On the nonfiction front, reading Persian Letters, How Innovation Works, Au Revoir Tristesse by Viv Groskop, and Orlando Figes newest book, which isn’t all that new, but has also got me rereading Natasha’s Dance.

Hoping to finish the innovation book, a Aubrey book, and maybe Hunter’s Album this week. Certainly will finish the innovation book, which will probably lead me to rereading his book Genome. And will probably end up setting Persian Letters aside for a few months.

I read Acemoglu, Johnson, Robinson: Institutions as a fundamental cause of long-run growth. Even as they set out to disentangle the identification problems, it is hard to distinguish the hypothesis of a roughly linear relationship between institutional quality and economic development with the hypothesis of a nonlinear poverty trap as a result of bad institutions. You only have a few dozen data points. Moreover this would be complicated by Allow catch-up effects. As interesting as the discussion on settler mortality was, this issue of linearities seems like it might be present there as well.

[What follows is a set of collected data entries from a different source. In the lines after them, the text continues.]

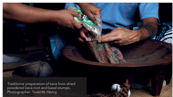
Traditional preparation of kava from dried powdered kava root and basal stumps.

Na nona vakadidike butakatakata ena gauna saraga oqo, ko Dr Apo Aporosa e sauma saraga na vei lomatarotaro eso. Oqo e ka bibi me vaka ni sa tubu cake sara jiko na wiliwili ni tamata era vakayagataka na yaqona ena kena gunuvi vakavanua mai vei ira na kai Pasivika era tiko ena taudaku ni Pasivika. Ka bau talega kina o ira era sega ni oka me vola kawabula ena Pasivika. Vakatabakidua na nona cakacaka taka na revurevu ni yaqona ena kena gunuvi vakalevu ena kena ivakarau vakapasivika kina tuvaki ni vakasama vata kei na mona kei na kena gacagaca ni veiqaravi me vaka na nave kei na uwa. E laurai eke na kena revurevu ena nona bula o koya e vakau lori tiko. Na nona vakadidike e vakayagataki kina na misini ni mona ka buli mai Iurope. Ia e vakayagataka o koya ena dua na ivakavakayagataki ka vakatara tiko na duidui me tiko ena kai iurope se valagi vata kei ira na kai Pasivika. E oka eke na nodra rai, vakarau ni vakasama, itovo kei na vuqa tale na ka.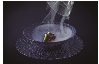
読谷の海 竜宮カルパッチョ ～HAL YAMASHITA スタイル～

読谷の名物でもあるかつおを、オリジナルのソースで頂きます。魚本来の風味と「時を永遠に！」と、竜宮城のイメージで目出度い桜のスモークを纏わせました。演出と味、両方楽しめる一品です。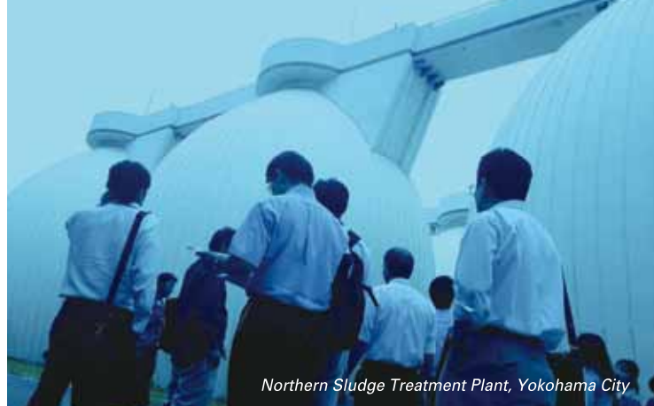
Northern Sludge Treatment Plant, Yokohama City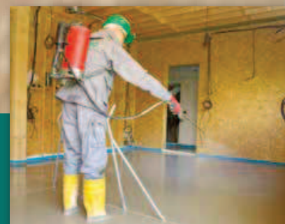
Jak na litou podlahu v dřevostavbě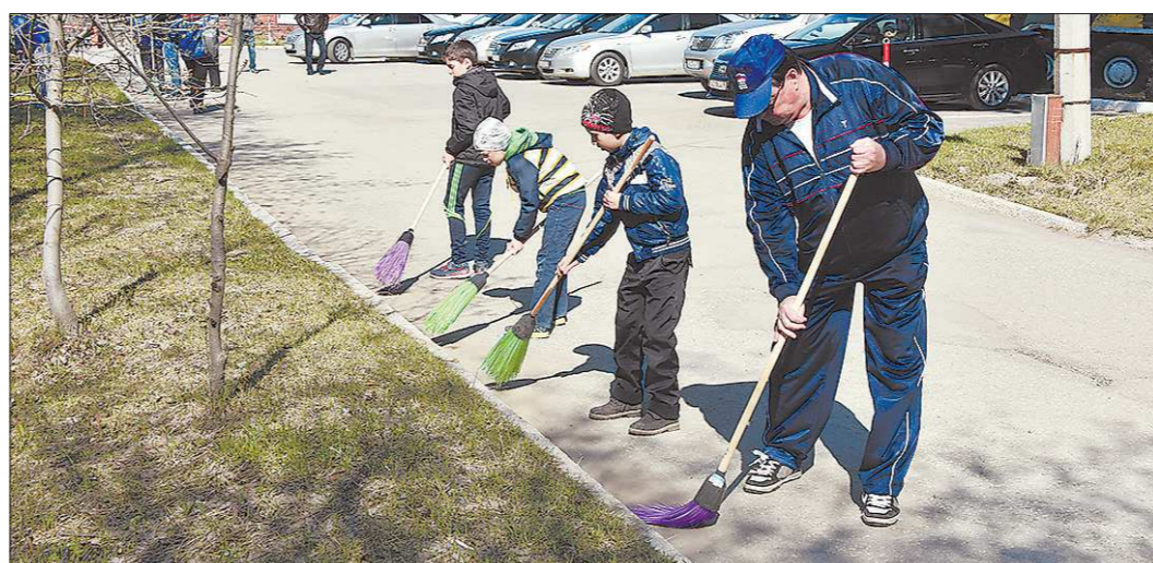
Создатели «Метлы» уверены, что помогать в уборке Екатеринбурга надо не только на субботниках

Главная задача проекта — помочь городским властям составить новую комплексную программу по борьбе с грязью и вести гражданский контроль уборки на городских улицах. Для этого в ряды сторонников комитета приглашают всех желающих — достаточно подписаться на группы «Метлы» в соц-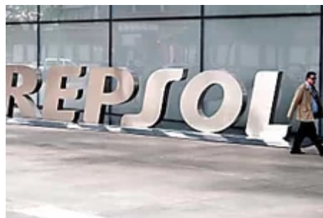
China fuerza a Vietnam a suspender una inversión de Repsol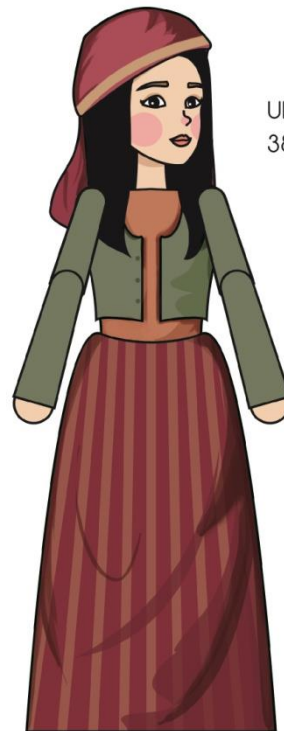
"ABIGAIL" Ukuran: 38 cm x 13 cm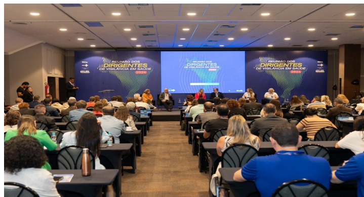
Reunião Nacional de Dirigentes de Vigilância Em Saúde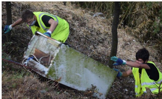
Encore une fois, OSE a brillé aux côtés des équipes communales et de leur excellent Maire lors de la grande opération estivale sur ROQUEFORT les Pins; ainsi des tonnes de déchets ont été retirées par les équipes de la CASA ramassant comme depuis des années les tas de déchets réalisés par la super équipe de bénévoles de cette année.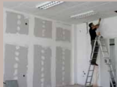
Uskoro centar za fizikalnu terapiju

U Domu kulture Logavina u toku je preuređivanje dijela prostorija u Centar za fizikalnu terapiju i rehabilitaciju Stari Grad.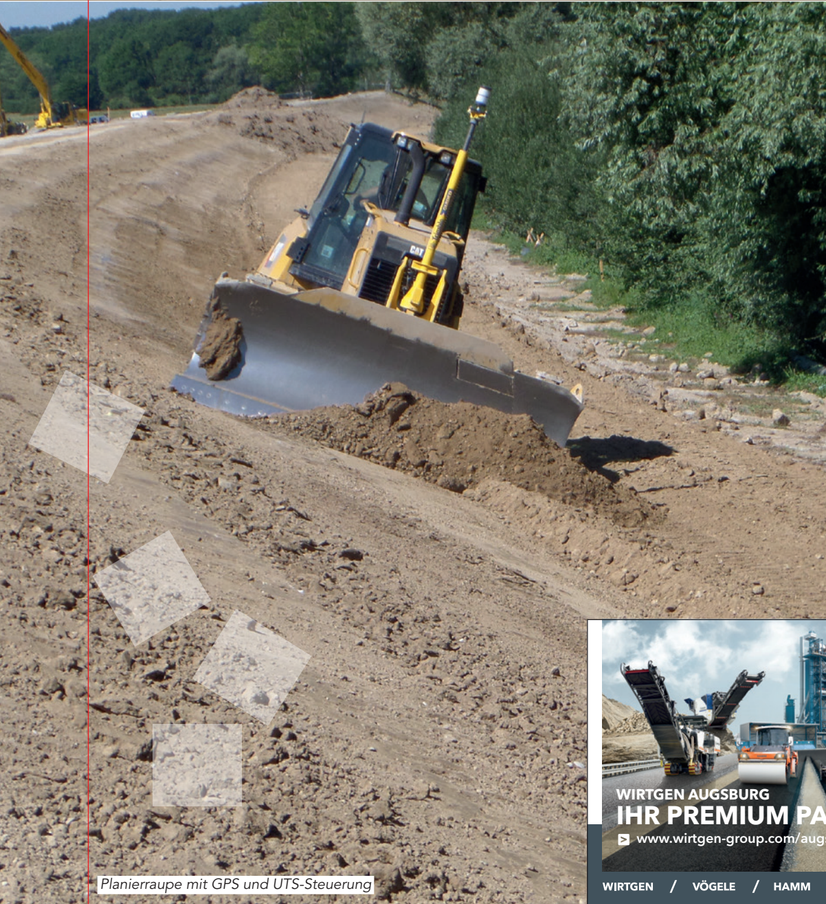
Planierraupe mit GPS und UTS-Steuerung

That said, as a theory of everything -- history and political science and economics -- it is about as appealing a theory as I've ever seen and I'm sure I'll be thinking about it a lot in the future -- why there is no political Coase theorem, about the persistence of rent-seeking...

2. I liked his first book and am looking forward to the new one. I'd love to see a CWT with Bregman (and with Matt Yglesias once his book comes out). I'm not sure what the long run consequences of Bregman's books will be, but I'd be grateful if sci-fi writers took his work seriously enough to reduce the prevalence of dystopian plot lines.

Stripe Press publishes books that are both beautiful and insightful, and The Art of Doing Science and Engineering meets that bar. It's fundamentally a self-help book through the lens of the history of technology. Yes, it conditions on the dependent variable (the techniques and habits of scientists who are already great), but this is true of any "great men" biography, and anyway I am enjoying and learning from it. I'm also watching Hamming's old lectures on it as a supplement. (Here's the first one: https://www.youtube.com/watch?v=AD4b-52jtos&list=PL2FF649D0C4407B30). Recommended.

4. Many small nations are racially and culturally the same. Not Nigeria. ... See Biafra. "There Was A Country."... by Achebe. Many small countries are torn by religious and political ties. Cyprus? Bosnia? Croatia? Serbia? Czech Lands in the past. Tunesia?

Chad? Liberia? Congo?

Really do not like this, I mean such a waste of time it was.